Print the line containing "在我的页面,点击右上角的小我信息头像。" and all lines after it, unchanged, through the end of the data. Leave the pictures out.

**SUPPLIED DATA**
▼

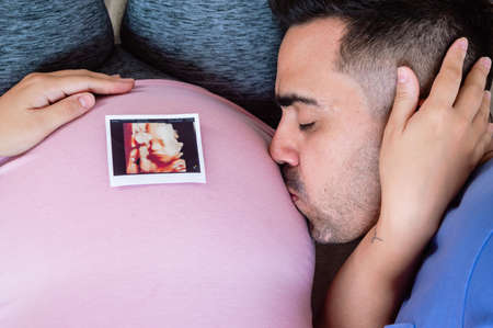 close-up man lying on bed kissing the belly of his pregnant wife, with the printed ultrasound photo on the belly.
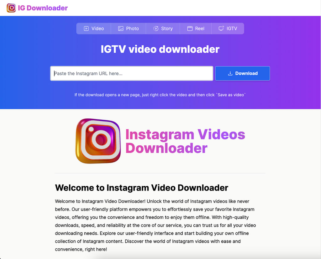 IGTV Downloader is a versatile tool designed to empower users with seamless access to their favorite IGTV videos. By allowing users to download these videos directly to their devices, it ensures that they can preserve and enjoy their favorite moments at their convenience. Whether it's a captivating travel vlog, an inspiring tutorial, or a heartfelt message from a favourite creator, it offers users a simple and efficient way to curate their own personal library of cherished content.
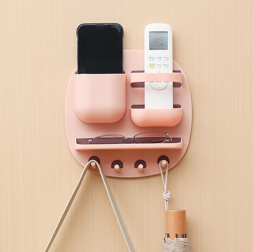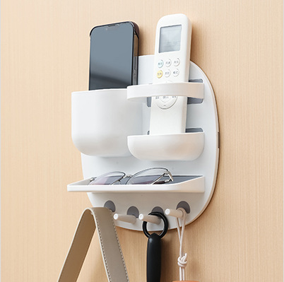 产品名称:壁挂卫浴三分格收纳架 带置物台四挂钩
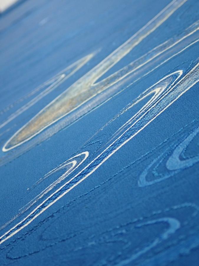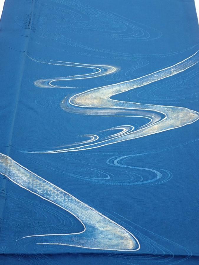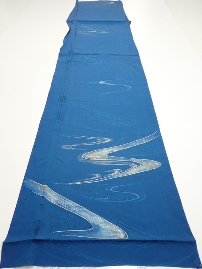2M06z90 Japanese Kimono Silk FABRIC Stream Dark blue 66.9x14.6
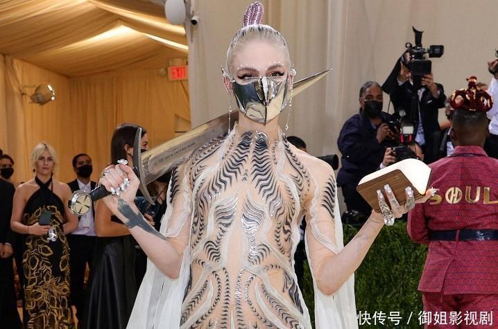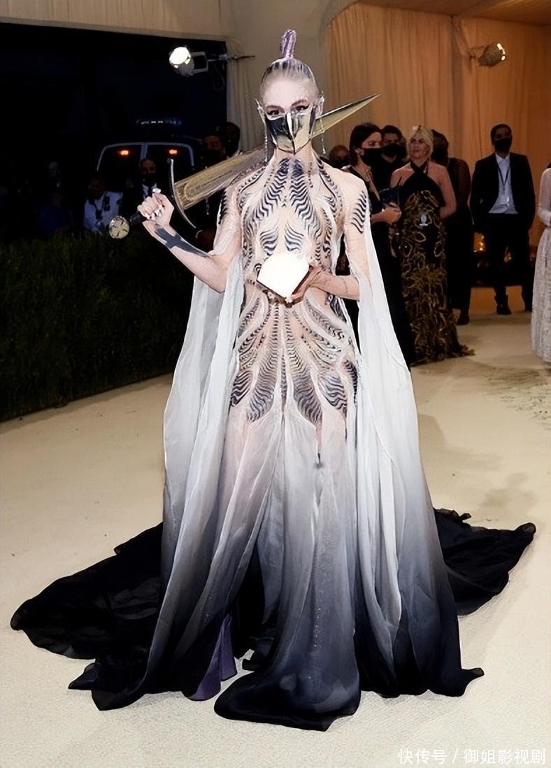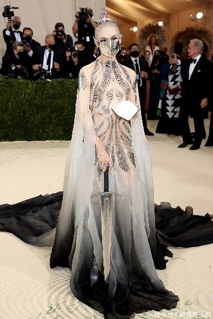 她戴着3D打印的金属面具,穿着一身类似于外星人的奇装异服,手持长剑,一个人走在红毯上,气场两米八。
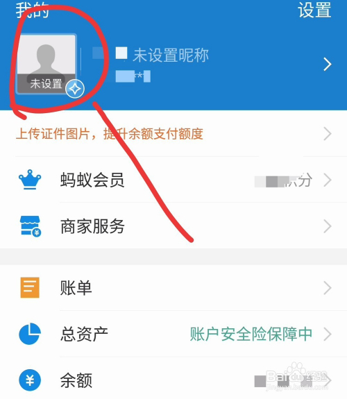 在我的页面,点击右上角的小我信息头像。
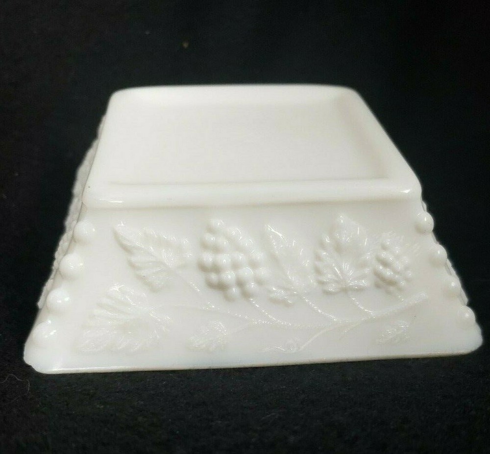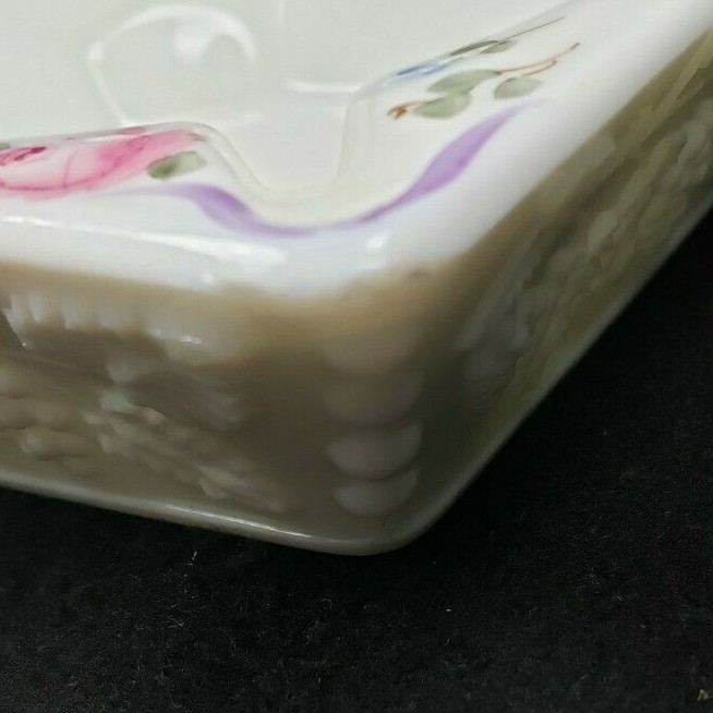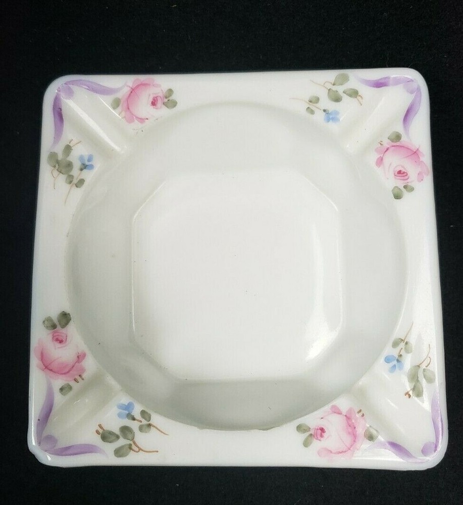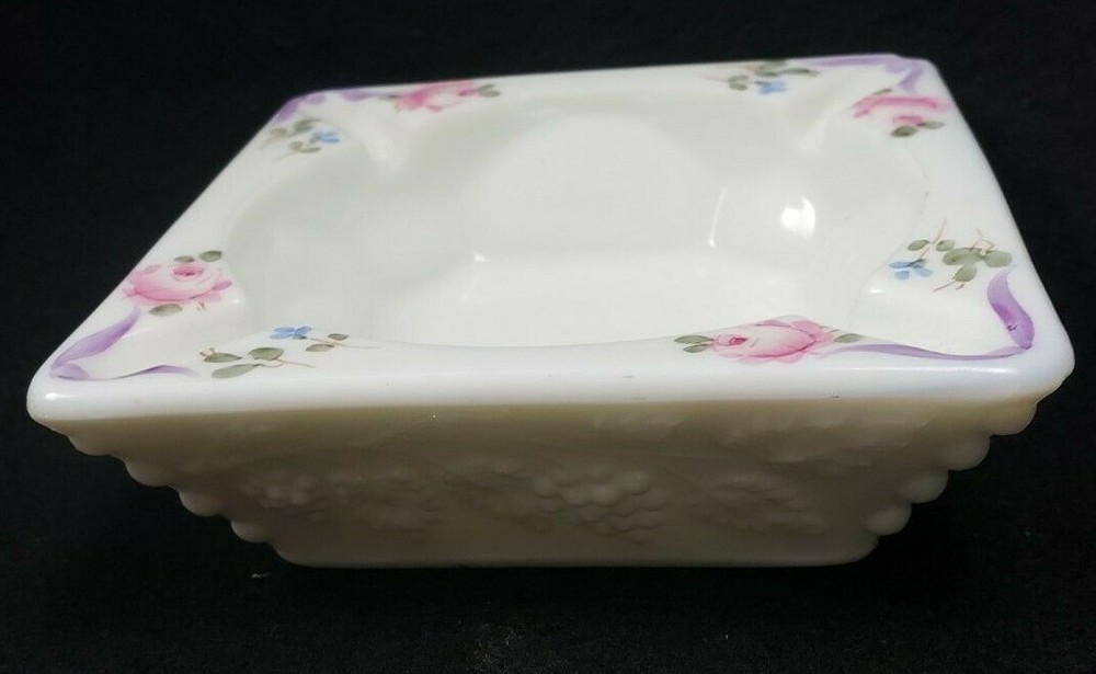 Westmoreland Hand Painted Beaded Edge Milk Glass Ashtray Roses & Bows Design. The Ashtray is a 4" square and is heavy. It is adorable. It does have a chip on one corner; however, it is not noticeable. Please see photos. Condition is Used. Shipped USPS Priority Mail. Please contact us if you have any questions, concerns, comments or need additional pictures. Feel free to make an offer on any of our treasures! Pickin' Peaches
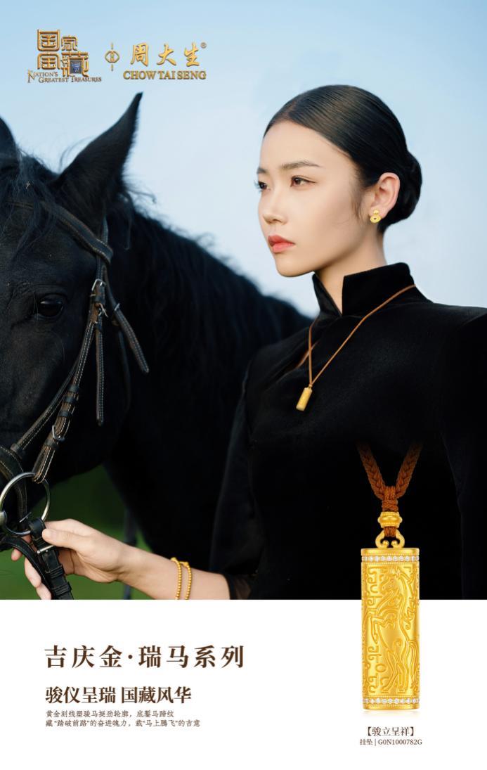 在工艺上,该系列承袭古法,赋予黄金温润厚重的质感。作品运用了手工拉丝、錾刻等非遗技艺,使黄金表面呈现出柔和的丝绢光泽与自然肌理。例如,“骏踏祥瑞”挂坠还创新性地在牌身中央融入可转动地马首设计,轻轻晃动间,骏马仿佛奔腾起来,生动诠释了“时运亨通”的灵动寓意。这一系列通过对国宝文物的现代化转译,让厚重的历史以可佩戴的艺术形式,融入当代人的日常生活与精神世界。

▲

**RESULT**
 在我的页面,点击右上角的小我信息头像。
 Westmoreland Hand Painted Beaded Edge Milk Glass Ashtray Roses & Bows Design. The Ashtray is a 4" square and is heavy. It is adorable. It does have a chip on one corner; however, it is not noticeable. Please see photos. Condition is Used. Shipped USPS Priority Mail. Please contact us if you have any questions, concerns, comments or need additional pictures. Feel free to make an offer on any of our treasures! Pickin' Peaches
 在工艺上,该系列承袭古法,赋予黄金温润厚重的质感。作品运用了手工拉丝、錾刻等非遗技艺,使黄金表面呈现出柔和的丝绢光泽与自然肌理。例如,“骏踏祥瑞”挂坠还创新性地在牌身中央融入可转动地马首设计,轻轻晃动间,骏马仿佛奔腾起来,生动诠释了“时运亨通”的灵动寓意。这一系列通过对国宝文物的现代化转译,让厚重的历史以可佩戴的艺术形式,融入当代人的日常生活与精神世界。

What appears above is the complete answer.